Но если горожане без устали обсуждали подробности смерти Робина и строили всевозможные догадки, Кливы никогда даже не упоминали тот день.

Зато Кливы без конца вспоминали живого Робина. На такие воспоминания семейное табу наложено не было. Образ мальчика постепенно менялся, обрастал новыми деталями, округлялся, терял резкость, но взамен приобретал благообразие, почти ореол святости. Старые тетушки пересказывали друг другу смешные случаи из его жизни: как он коверкал слова, как никогда не мучил животных, как защищал малышей в детском саду — трогательные маленькие истории, смешные, пусть несущественные подробности взросления их маленького героя. День за днем, год за годом тетушки старательно лепили посмертный образ Робина. В такие игрушки он играл, такую одежду носил, те учителя ему нравились, а те нет, такие ему снились сны, и такие подарки он любил получать на день рождения. Конечно, далеко не все подробности жизни Робина соответствовали действительности, но уж если Кливы брались за сотворение истории, они подходили к вопросу со всей основательностью.
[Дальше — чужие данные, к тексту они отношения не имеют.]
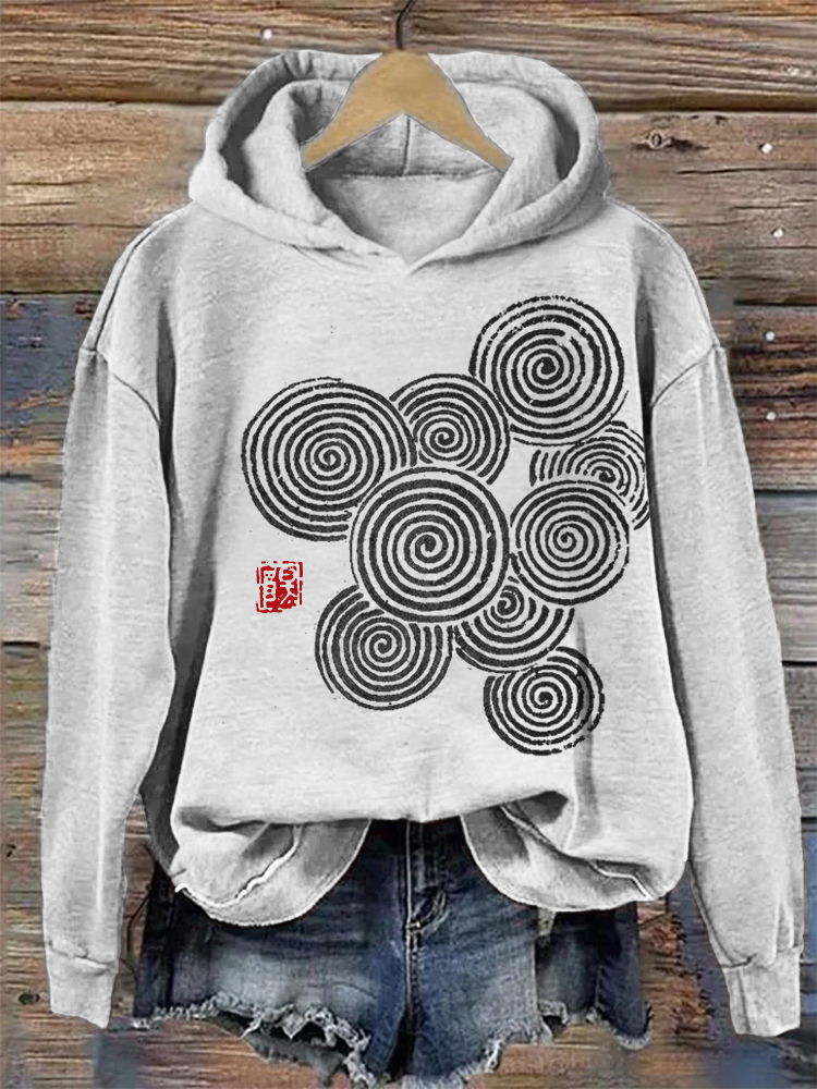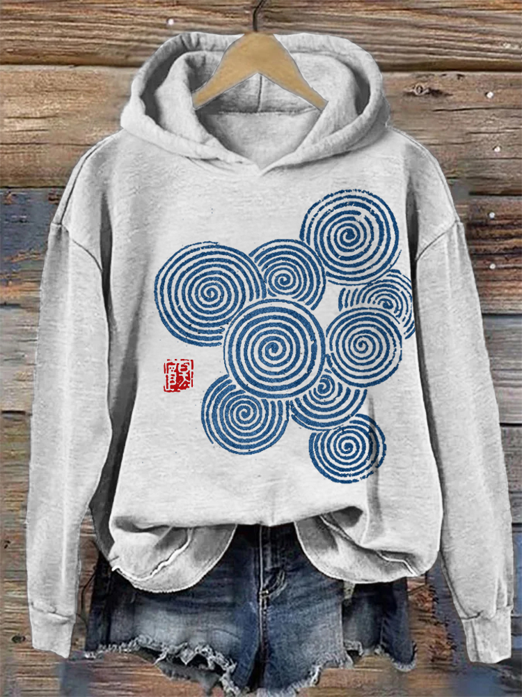 Vintage Japanese Art Printed Casual Hoodie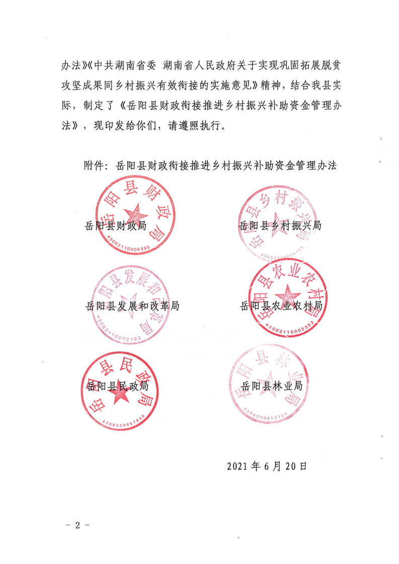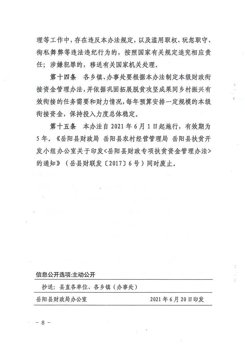 關於印發《嶽陽縣財政銜接推進鄉村振興補助資金管理辦法》的通知公開公示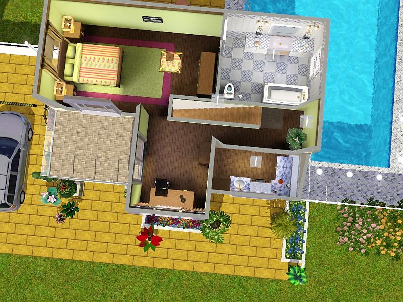 Cozy little home for a single Sim or a couple with a nice garden and a swimmingpool.

Из милого, но довольно избалованного ребенка их обожаемый мальчик постепенно превратился в абсолютного идола, в смеющегося Будду, рассыпающего цветы на своем пути.

«Как бы это понравилось Робину!» — восторженно восклицала Либби. «Ох, как бы Робин над этим посмеялся!» — говорила Тэт. И сестры Робина, которые совершенно его не помнили, росли в убеждении, что их брат из всех цветов предпочитал красный, что его любимой книгой был «Ветер в ивах», а любимым персонажем этой книги — мистер Жаба, что он любил только шоколадное мороженое и всегда болел за бейсбольную команду «Кардинал». Сами они, как и все дети, сегодня предпочитали шоколадное мороженое, а завтра — персиковое, сегодня — красный цвет, а завтра — зеленый, поэтому постоянство Робина вызывало у них чувство завистливого восхищения. Его образ, отполированный миллионами слов, светил над ними ровным, тускловатым светом, еще больше подчеркивая слабость и переменчивость их собственных натур. Они были уверены, что причиной такого постоянства был ангельский характер их старшего брата, а вовсе не тот факт, что брат был уже двенадцать лет как мертв.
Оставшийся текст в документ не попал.